-- Provided material follows --
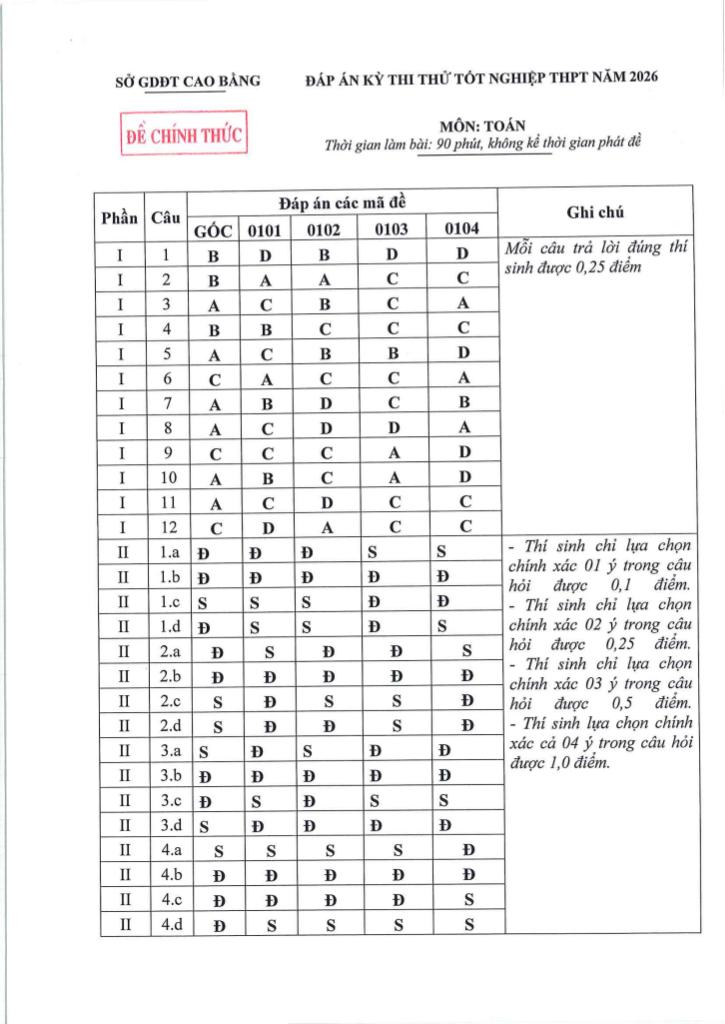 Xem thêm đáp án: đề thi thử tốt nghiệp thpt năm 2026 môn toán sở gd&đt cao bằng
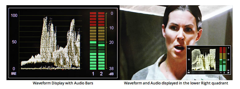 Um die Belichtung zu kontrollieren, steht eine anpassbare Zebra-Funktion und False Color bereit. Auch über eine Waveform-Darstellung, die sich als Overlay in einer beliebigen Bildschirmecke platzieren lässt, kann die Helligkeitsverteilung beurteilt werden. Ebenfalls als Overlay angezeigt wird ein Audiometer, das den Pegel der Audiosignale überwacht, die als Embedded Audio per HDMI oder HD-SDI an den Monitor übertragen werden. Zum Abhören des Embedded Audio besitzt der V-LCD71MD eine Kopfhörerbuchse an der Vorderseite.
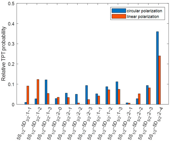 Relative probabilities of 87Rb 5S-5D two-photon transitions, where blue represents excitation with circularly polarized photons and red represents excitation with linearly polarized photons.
-- Provided material concluded --
What you need to do >> Your reply should give again exactly the lines from the one with "Um die Belichtung" through the last line of the data, with both ends included and pictures left out.

Solution for this problem >>
 Um die Belichtung zu kontrollieren, steht eine anpassbare Zebra-Funktion und False Color bereit. Auch über eine Waveform-Darstellung, die sich als Overlay in einer beliebigen Bildschirmecke platzieren lässt, kann die Helligkeitsverteilung beurteilt werden. Ebenfalls als Overlay angezeigt wird ein Audiometer, das den Pegel der Audiosignale überwacht, die als Embedded Audio per HDMI oder HD-SDI an den Monitor übertragen werden. Zum Abhören des Embedded Audio besitzt der V-LCD71MD eine Kopfhörerbuchse an der Vorderseite.
 Relative probabilities of 87Rb 5S-5D two-photon transitions, where blue represents excitation with circularly polarized photons and red represents excitation with linearly polarized photons.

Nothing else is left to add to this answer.